Vivendo basicamente com R$ 375 do Bolsa Família, Thais pediu isenção da taxa de inscrição no Enem deste ano.

O Inep (Instituto Nacional de Estudos e Pesquisas Educacionais Anísio Teixeira), responsável pela organização do exame, negou o benefício à candidata, porque ela faltou às provas da edição passada, em janeiro.

Ela havia sido contemplada com o benefício em 2020, mas não compareceu com medo de se infectar e teve o pedido recusado. O jeito foi contar com a ajuda de um professor de Manaus.

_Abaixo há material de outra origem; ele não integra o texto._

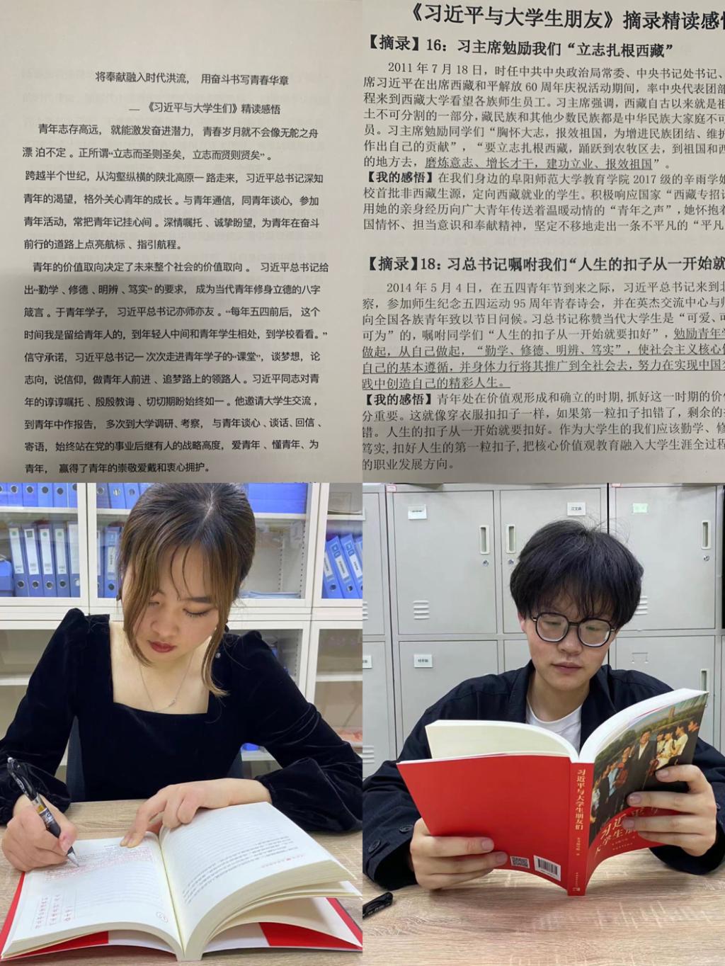 为迎接中国共产主义青年团成立100周年,推动美术学院青年学生多读书、读好书、认真读书,深入学习领会习近平总书记对青年健康成长的一系列重要要求,过好学校生活、走好青春路,美术学院分团委组织团员青年开展了“牢记领袖教导 分享青春感悟”—《习近平与大学生朋友们》精读大赛。

Após efetuar o pagamento da taxa, de R$ 85 e que representa 24% da renda da estudante, o STF (Supremo Tribunal Federal) acabou determinando a reabertura do prazo de requerimento de isenção e desobrigou a necessidade de os candidatos apresentarem uma justificativa para ausência no exame de 2020.

"Acabei pagando a prova e agora estou me sentindo lesada pelo próprio governo. Não há nenhum caminho para eu pedir reembolso desse dinheiro", disse.

Ajudei uma amiga, mas o certo era ela ter a isenção. O Estado coloca empecilhos absurdos em um país com um dos maiores níveis de desigualdade. A ajuda por amizade acaba sendo uma política informal bastante comum de distribuição de renda."

Fabio Magalhães Candotti, professor de Thais

Ela se acostumou a driblar dificuldades. Como o dinheiro do Bolsa Família só dá para metade do mês, ela evita sair e compra alimentos com maior durabilidade.

Comunicativa, extrovertida e bem-humorada, Kika já trabalhou como soldadora, ambulante e garçonete, mas é como artista que mais se identifica.

Poeta marginal, já foi premiada em concurso de Slam, uma competição de poesia falada. Costuma abordar em seus textos principalmente temas como violência e racismo. Vai usar toda essa sua experiência com papel e caneta para alcançar uma boa nota na redação. "A redação abre portas, né? Indo bem nela já é um bom caminho andado."

Como mora sozinha, se for aprovada, precisa ainda conseguir uma creche para matricular o filho. "Eu vou dar meu jeito, eu sei que é difícil. Nem que eu me forme em mais tempo, mas em até seis anos quero concluir essa etapa", afirma.